My father in law has an old John Deere 2020 with some sort of upgraded 1000rpm PTO on it. He runs the manure pump via the PTO for 8-12 hours a day WIDE OPEN. Last week I was helping him and backed the throttle down about 2k rpm and it didn't see any change in the amount of manure coming out. I mentioned it to my father-in-law that he might save gas and make it a bit easier on the tractor if he backs it down a little but he just think I don't know what I'm talking about (He's 88yrs old). I should also mention he's had to rebuild that same tractor at least 5 times in the past 20 years. Maybe more...

Thank you for any input you have. I'm not a tractor guy but I do live on a dairy farm (I married the farmer's daughter .


----------



## Hoodoo Valley (Nov 14, 2006)

Welcome to the forum basicguy5! My pops is 81 and stubborn as hell.......... Sometimes you just have to yield to the old man! 

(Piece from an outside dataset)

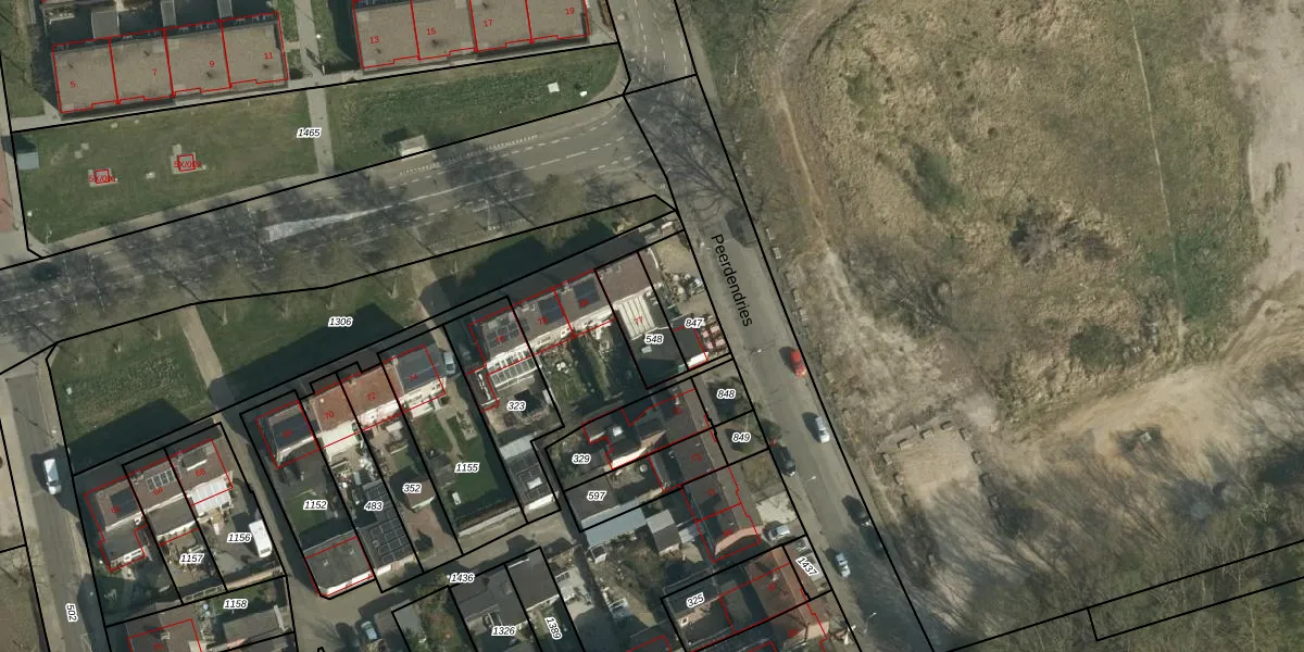 Gebruik de zoekbalk of klik op een perceel voor informatie over de adressen binnen dit perceel.

This is an age old argument that has fueled tractor forum debates many times over. Myself.. I always run my tractors with the least amount of throttle I can comfortably get away with because I myself do feel that operating at full throttle when it's obvious that it's not needed, is engine abuse! Kind of like driving your truck at 60 miles an hour in third gear as opposed to in 5th.


----------



## TraderMark (Nov 15, 2011)

Welcome basicguy5.

All tractors have a certain engine speed they need to run to turn the PTO at it's rated RPMs. The engine speed is different for different brands and models.
Here's a pic of a tachometer for a 2020 so you can see where the engine speed needs to be to get the PTO to turn at its rated speed. As you can see, the engine RPM should be around 2100-2200 RPMs.

HTH,
Mark


----------



## Hoodoo Valley (Nov 14, 2006)

TraderMark said:


> Welcome basicguy5.
> 
> All tractors have a certain engine speed they need to run to turn the PTO at it's rated RPMs. The engine speed is different for different brands and models.
> Here's a pic of a tachometer for a 2020 so you can see where the engine speed needs to be to get the PTO to turn at its rated speed. As you can see, the engine RPM should be around 2100-2200 RPMs.
> ...


Now, it should be mentioned that these indications on the tach. are to direct the operator to achieve the rated PTO horse power as per the machines specifications. A person could run at less horse power for a given PTO driven implement at the operators discretion, providing it wasn't putting a burden on the equipment. On my Kubota BX2200, I only mow at 1/3 throttle, well below the rated PTO recommendation, and it works just fine, however, I do bump up the throttle considerably more if I get in to extremely tall grass, or I hear the engine lugging down. It's a matter of preference.


----------



## TraderMark (Nov 15, 2011)

Very true tractor beam.
The indicator on the tach is to provide a guideline to engine rpms for "rated" PTO speed and hp. If the operator needs 540/1000 rpms from the PTO then the engine needs to turn at, in this case, 2100 rpms. If the situation warrants less rpms/hp, that's for the operator to decide.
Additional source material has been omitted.